## TASK DATA

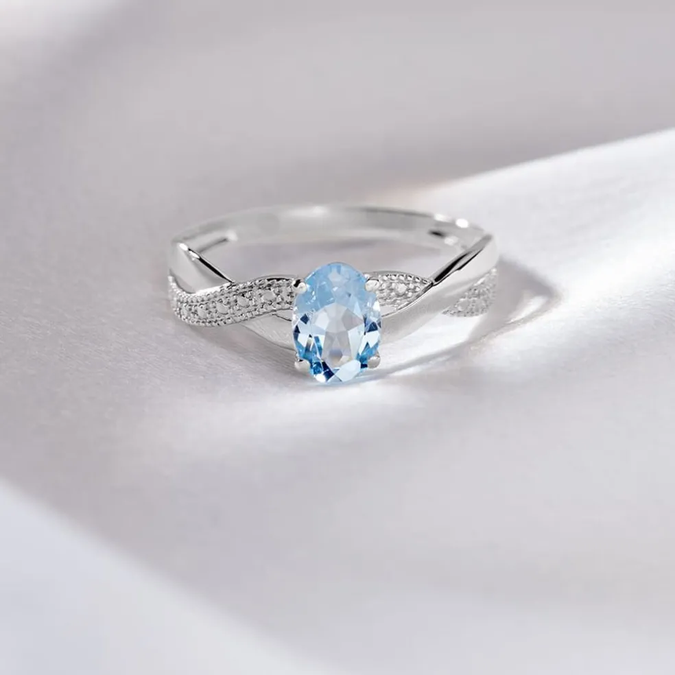 Bague Or Blanc 375/1000 Croisee Topaze Ovale Serti Griffes
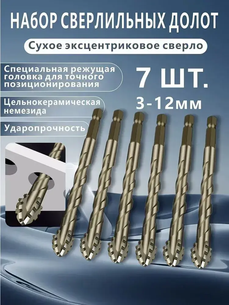 Набор свёрл 7 шт по стеклу , керамике , плитке Сверла для керамогранита и мрамора 3-12 мм
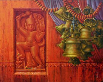 This vibrant painting features a carved wooden relief of Nataraja, the dancing form of Lord Shiva, symbolizing cosmic rhythm and balance. To the right, a cluster of temple bells and flower garlands evoke the spiritual ambiance of a sacred Hindu shrine.
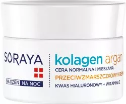 Soraya Kolagen+Argan Przeciwzmarszczkowy krem nawilżający to skuteczna pielęgnacja przeciw oznakom starzenia dla skóry twarzy, szyi i dekoltu. Zaawansowana formuła oparta na kolagenie, oleju arganowym, kwasie hialuronowym oraz witaminie E, wyraźnie poprawia jędrność, zapewnia intensywne nawilżenie oraz działa regenerująco na naskórek. Krem idealnie sprawdza się do codziennego stosowania, również pod makijaż, a jego lekka konsystencja szybko się wchłania, pozostawiając skórę sprężystą i jedwabiście gładką.
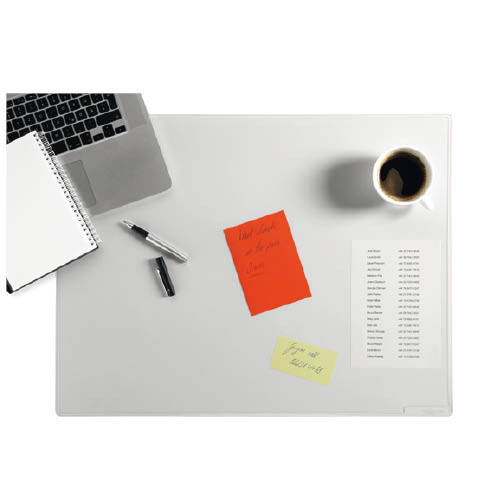 Áttetsző könyöklő. Visszatükröződésmentes. Jegyzetek, jegyzékek stb. alá. Csúszásmentes. Mérete: 65 x 50 cm
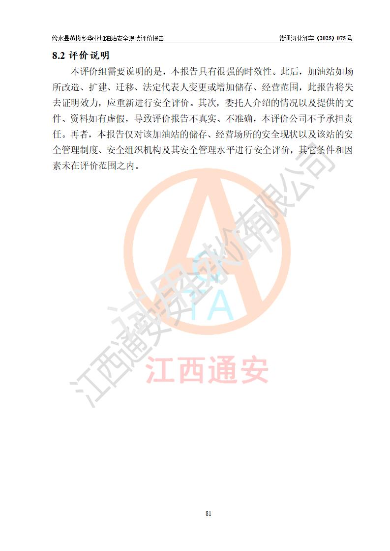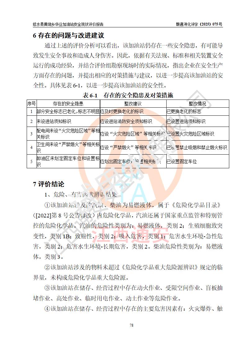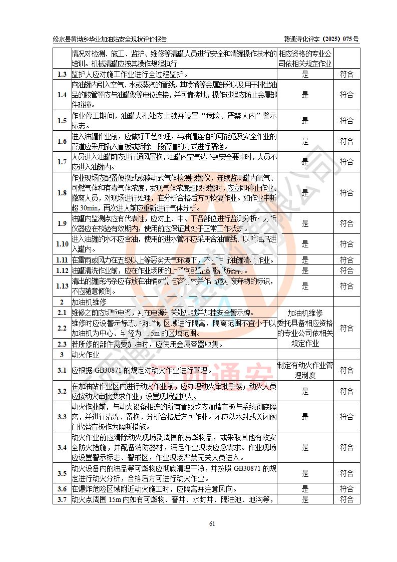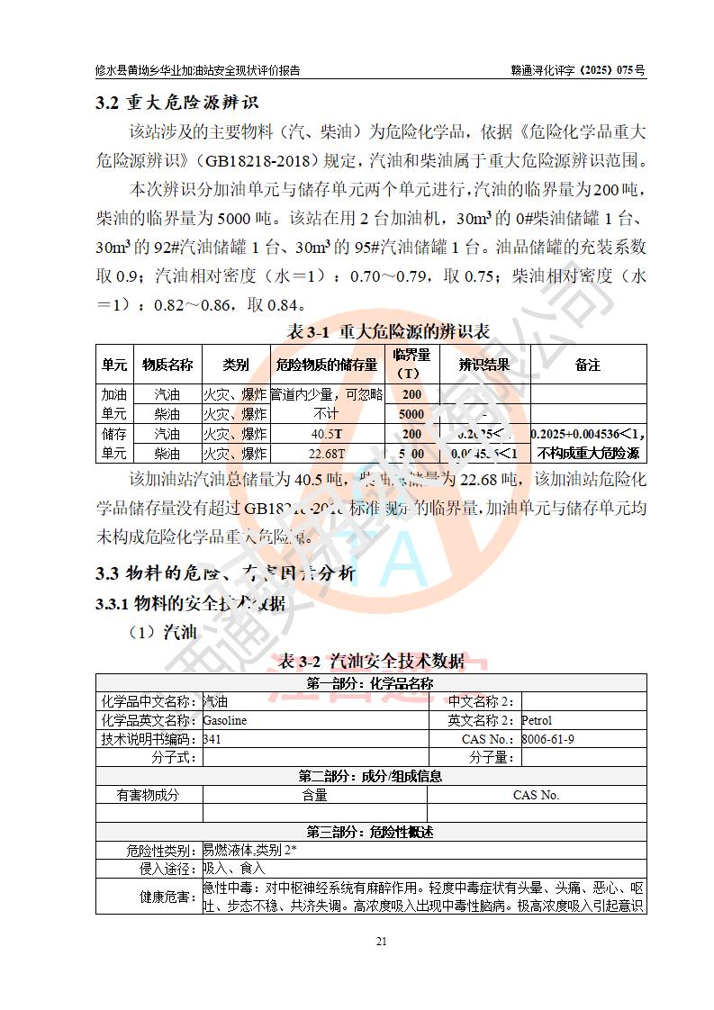 評價(jià)報(bào)告名稱 | 修水縣黃坳鄉(xiāng)華業(yè)加油站安全現(xiàn)狀評價(jià)報(bào)告 | |||

## YOUR OBJECTIVE
Give back the material above exactly, with each picture removed.

## THE ANSWER
 Bague Or Blanc 375/1000 Croisee Topaze Ovale Serti Griffes
 Набор свёрл 7 шт по стеклу , керамике , плитке Сверла для керамогранита и мрамора 3-12 мм
 This vibrant painting features a carved wooden relief of Nataraja, the dancing form of Lord Shiva, symbolizing cosmic rhythm and balance. To the right, a cluster of temple bells and flower garlands evoke the spiritual ambiance of a sacred Hindu shrine.
 Soraya Kolagen+Argan Przeciwzmarszczkowy krem nawilżający to skuteczna pielęgnacja przeciw oznakom starzenia dla skóry twarzy, szyi i dekoltu. Zaawansowana formuła oparta na kolagenie, oleju arganowym, kwasie hialuronowym oraz witaminie E, wyraźnie poprawia jędrność, zapewnia intensywne nawilżenie oraz działa regenerująco na naskórek. Krem idealnie sprawdza się do codziennego stosowania, również pod makijaż, a jego lekka konsystencja szybko się wchłania, pozostawiając skórę sprężystą i jedwabiście gładką.
 Áttetsző könyöklő. Visszatükröződésmentes. Jegyzetek, jegyzékek stb. alá. Csúszásmentes. Mérete: 65 x 50 cm
 評價(jià)報(bào)告名稱 | 修水縣黃坳鄉(xiāng)華業(yè)加油站安全現(xiàn)狀評價(jià)報(bào)告 | |||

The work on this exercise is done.